Keywords: Diffusion Language Models, Efficiency, Sampling, Masked Diffusion Models, Discrete Flow Models, Reasoning
TL;DR: We propose an adaptive multi-token unmasking sampler for masked language diffusion models, gaining speed up of 2-3x on code generation and math reasoning benchmarks without loss in accuracy.
Abstract: Recent masked diffusion models (MDMs) have shown competitive performance compared to autoregressive models (ARMs) for language modeling. While most literature has focused on performance enhancing sampling procedures, efficient sampling from MDMs has been scarcely explored. We make the observation that often a given sequence of partially masked tokens determines the values of multiple unknown tokens deterministically, meaning that a single prediction of a masked model holds additional information unused by standard sampling procedures.
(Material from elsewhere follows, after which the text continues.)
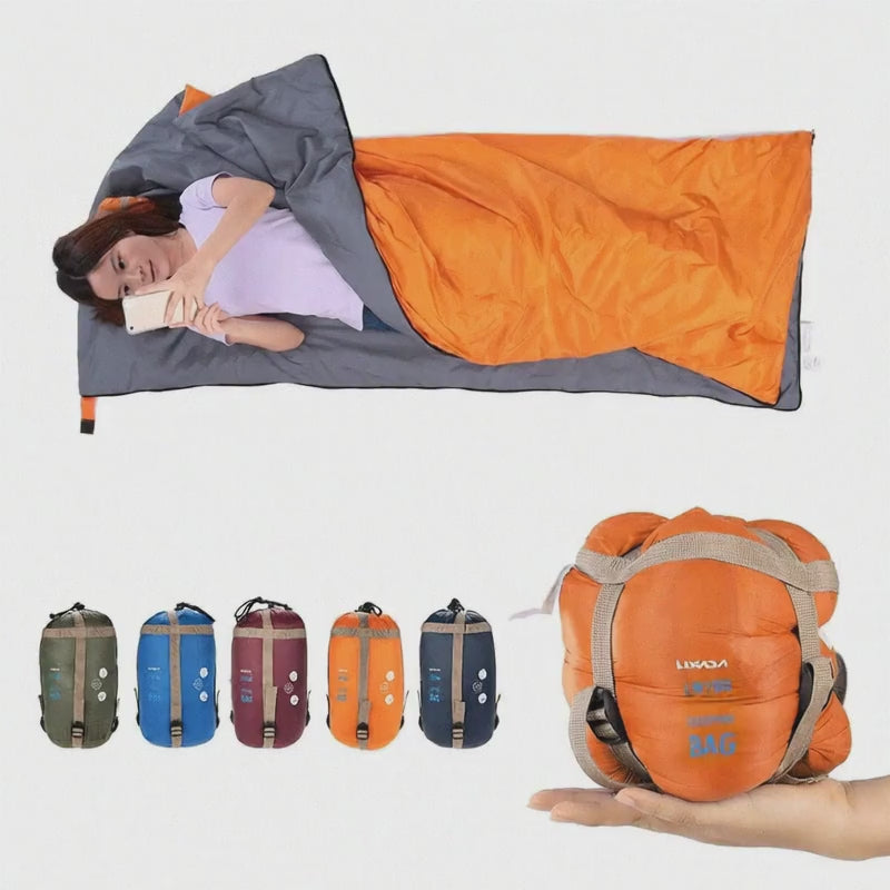 Ready for your next adventure? Our Adult Camping Sleeping Bag with compression stuff sack packs down small for easy travel. Unfold it for cozy warmth or use it as a blanket on chilly nights. Plus, connect two bags to create a comfy double sleeping bag—perfect for sharing campfire stories and stargazing with a friend!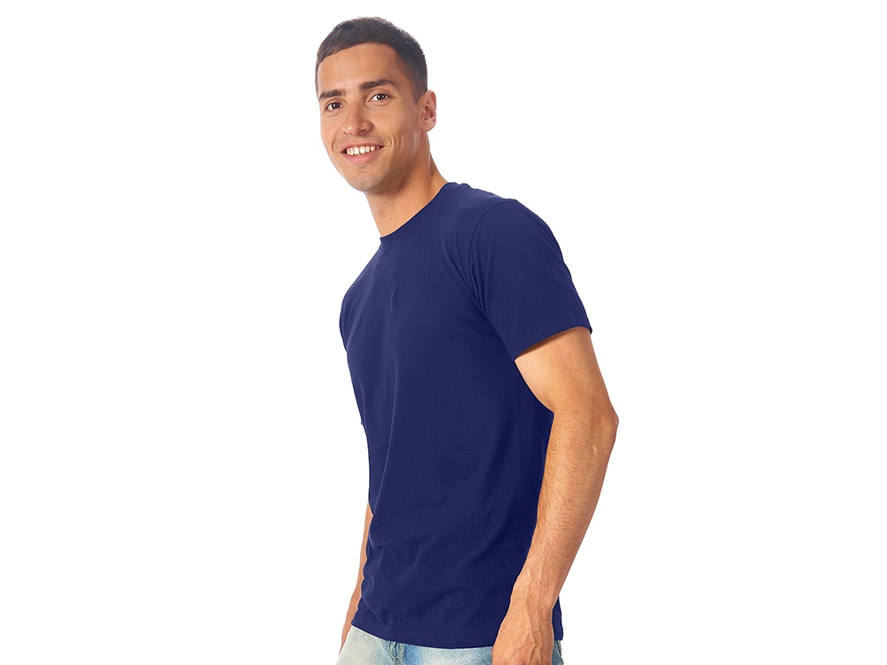 Мужская футболка сшита из натурального хлопка без боковых швов. Отлично подходит для нанесения рекламной информации. Возможна вышивка или трафаретная печать. Натуральный материал не вызывает раздражения кожи.

Based on this observation, we introduce *EB-Sampler*, a simple drop-in replacement for existing samplers, utilizing an **E**ntropy **B**ounded unmasking procedure that dynamically unmasks multiple tokens in one function evaluation with predefined approximate error tolerance. We formulate the EB-Sampler as part of a broad family of adaptive samplers for which we provide an error analysis that motivates our algorithmic choices. EB-Sampler accelerates sampling from current state of the art MDMs by roughly 2-3x on standard coding and math reasoning benchmarks without loss in performance. We also validate the same procedure works well on smaller reasoning tasks including maze navigation and sudoku, tasks ARMs often struggle with.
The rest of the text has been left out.